I don't think it's an anti-trust issue, to be honest. There would be no monopoly created from such a deal. This doesn't make sense to me because the numbers don't add up. Think of it this way - the original articl (in the first post) talked about Verizon doing this to increase their TV footprint so they can get better carriage deals for their TV channels. Yes, they would save some money on their carriage deals... and yes, they would have revenue from their DirecTV subscribers... but such a deal would cost, what? $30Billion? $40Billion? What's the break-even point on that? Five years? Ten?

So... they're going to go $40Billion into hock so they can save a couple dollars on their carriage agreements? I just don't think so. Plus FiOS is still costing them alot of money.
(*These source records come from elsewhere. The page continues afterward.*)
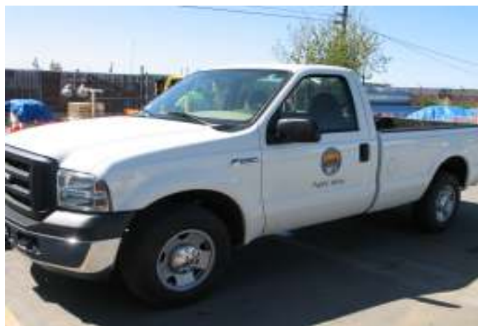
New Public Works- Maintenance truck.
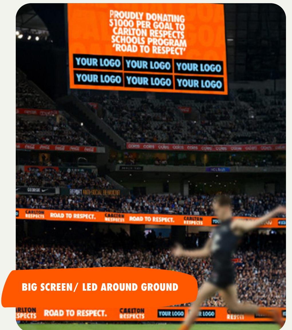
BIG SCREEN / LED AROUND GROUND
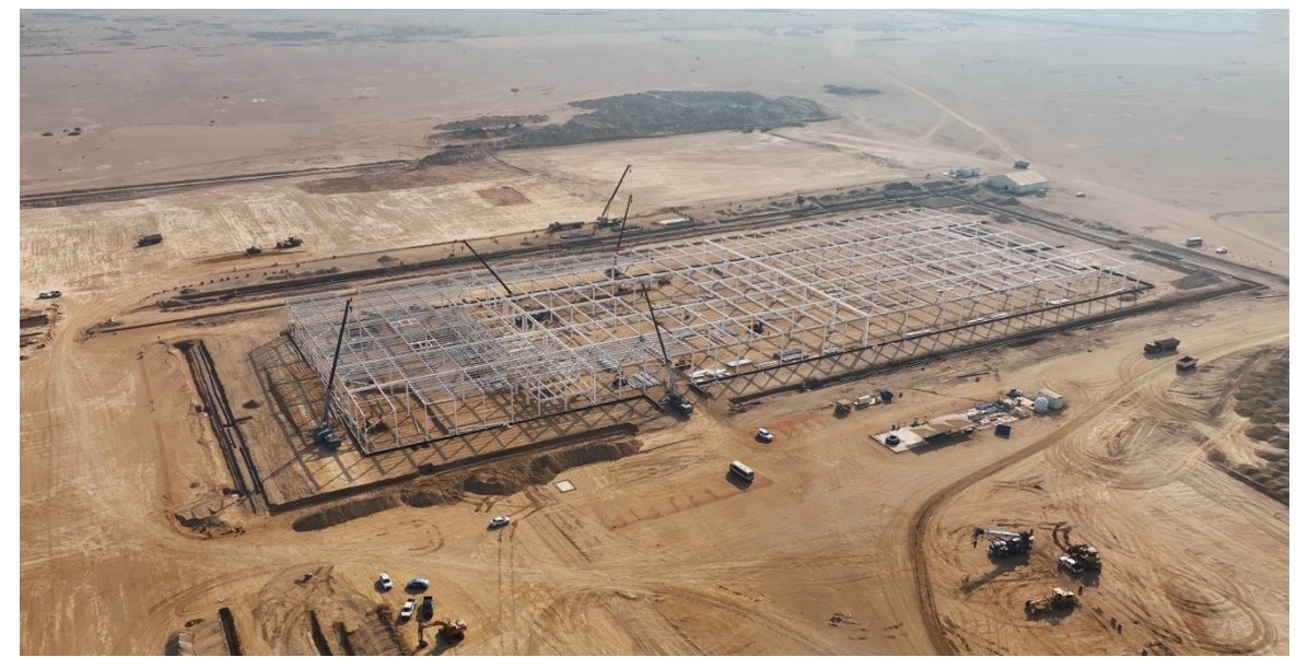
AMP-2, KAEC, Saudi Arabia - October 2022
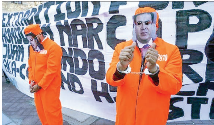
Protestors celebrate outside the US District Court Southern District of New York on March 30, 2021 after Juan Antonio “Tony” Hernandez, brother of the president of Honduras was sentenced to life for drug trafficking offenses.

HONDURAN President Juan Orlando Hernandez’s brother was sentenced to life in prison
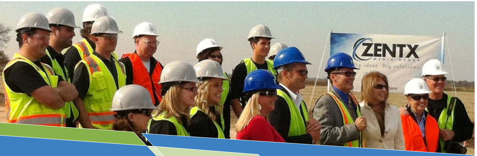
Above -ZENTX Media Group recently held a ground breaking ceremony for its new 12,000 sq. ft. facility, which will be located on W. Freeland Rd., adjacent to the MBS International Airport.
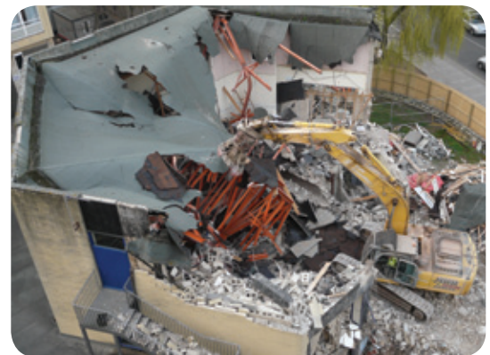
Top: How the new College building will look Bottom: Demolition begins
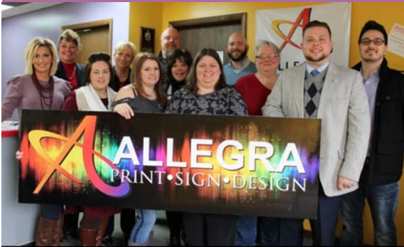
Allegra Print Sign Design

Be on the lookout. . . next month they might be visiting you!
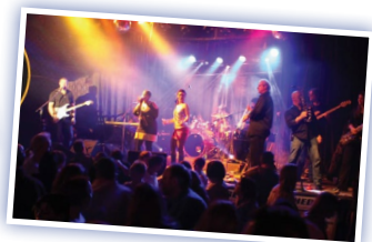
High & Mighty
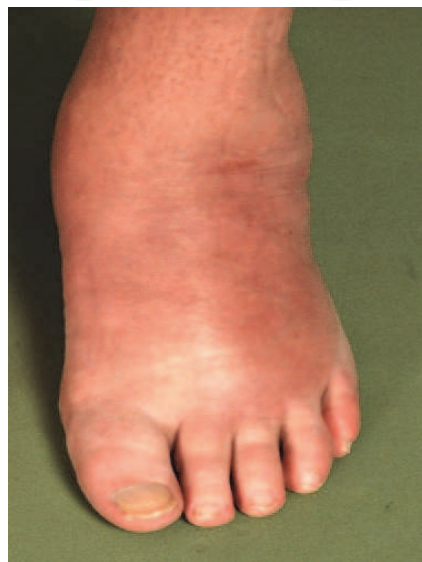
Fig. 1. Red hot swollen foot.

The differential diagnosis of a red, hot swollen foot is: severe infection (osteomyelitis) in case of a concurrent foot ulcer, cellulitis, bone fracture, gout or septic arthritis. Most difficult is to differentiate between an acute CN and osteomyelitis if a foot ulcer is present. Clinical directions in favour for osteomyelitis are a positive probe to the bone test and radiological abnormalities in relation to the ulcer, that is mostly located on pressure points like metatarsal heads or rocker-bottom. Radiological abnormalities in favour of CN are radiological abnormalities in the mid foot. The chronic not active Charcot foot is characterized with joint deformity, and or (sub) luxation of the metatarsals leading to rocker-bottom. These deformities cause elevated plantar pressure leading to abundant callus formation and an increased risk for foot ulcers.

Take that $40Billion to buy DirecTV and FiOS suffers. FiOS is so expensive because it IS their strategic vision - where they want to go. Buying up another TV provider (whether DBS or cable) doesn't fit into that vision at all. Why would you sacrifice investment in your strategic plan in buying up something that doesn't fit into it? It would just be a naked move for market expansion, in a way that doesn't fall in line with your vision for the company.

In short, it's a very short-sighted move. And one thing that impresses me about Verizon's investment in FiOS is that it's anything but short-sighted. They're spending gobs of money to do FiOS right. I mean if they wanted to go the short-sighted route they could have just emulated AT&T with their roll-out of U-Verse.

If buying up a DBS provider DID fit into their long-range plan for getting into video, then I would say absolutely... buying up DirecTV makes sense. But it doesn't fit. It would just be a move to expand their TV empire. And if you're going to do that... then why DirecTV? There are MUCH cheaper ways to go about that - Dish is hard up for cash (no offense to the Dish subscribers out there) - they would make a much nicer buy-out target for Verizon.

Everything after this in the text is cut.